▶ WHAT THE EXERCISE ASKS: Would you return exactly the lines below from the line with "1)在电阻体的一端标以彩色环" through the line with "为引导学生树立正确的考研目标", both included, and nothing else, leaving out the pictures?

*** DATA EXTRACTS Section Begins ***

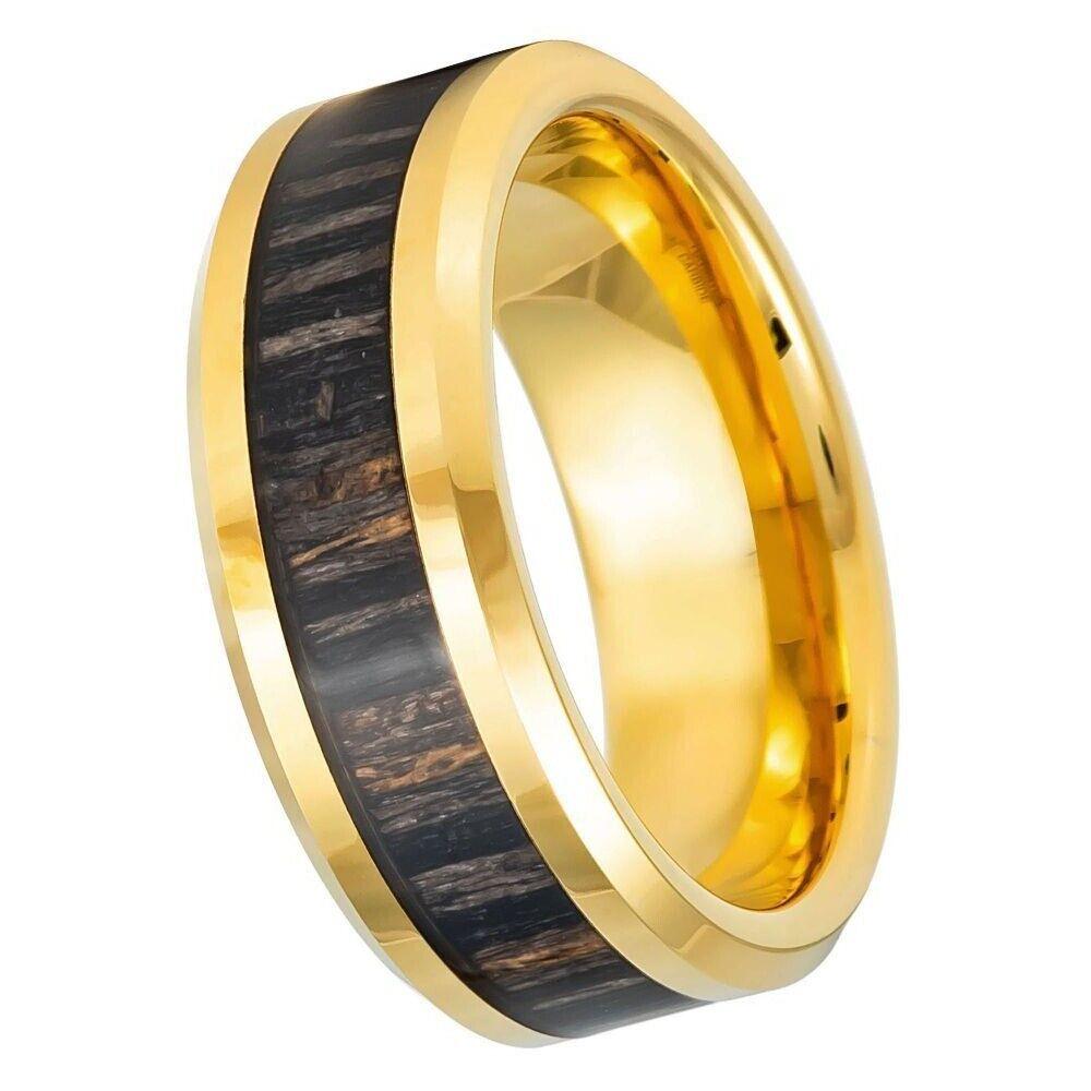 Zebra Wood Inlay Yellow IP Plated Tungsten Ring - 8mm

*** DATA EXTRACTS Section Ends ***
*** DATA EXTRACTS Section Begins ***

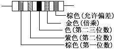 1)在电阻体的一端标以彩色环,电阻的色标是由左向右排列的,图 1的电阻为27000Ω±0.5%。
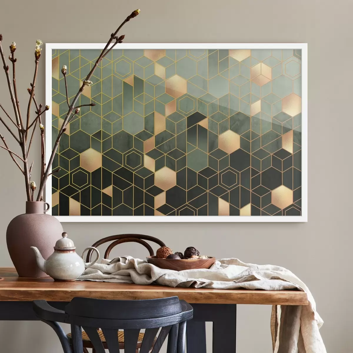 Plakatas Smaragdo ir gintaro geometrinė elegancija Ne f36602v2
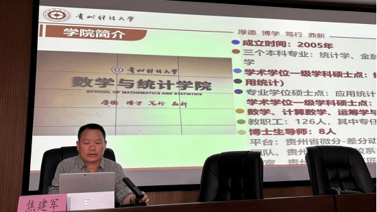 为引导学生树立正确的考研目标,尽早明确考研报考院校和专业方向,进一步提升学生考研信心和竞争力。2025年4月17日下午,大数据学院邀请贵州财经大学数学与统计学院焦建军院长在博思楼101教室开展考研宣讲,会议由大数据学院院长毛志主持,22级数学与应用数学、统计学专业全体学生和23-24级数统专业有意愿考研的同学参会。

*** DATA EXTRACTS Section Ends ***

▶ ANSWER:
 1)在电阻体的一端标以彩色环,电阻的色标是由左向右排列的,图 1的电阻为27000Ω±0.5%。
 Plakatas Smaragdo ir gintaro geometrinė elegancija Ne f36602v2
 为引导学生树立正确的考研目标,尽早明确考研报考院校和专业方向,进一步提升学生考研信心和竞争力。2025年4月17日下午,大数据学院邀请贵州财经大学数学与统计学院焦建军院长在博思楼101教室开展考研宣讲,会议由大数据学院院长毛志主持,22级数学与应用数学、统计学专业全体学生和23-24级数统专业有意愿考研的同学参会。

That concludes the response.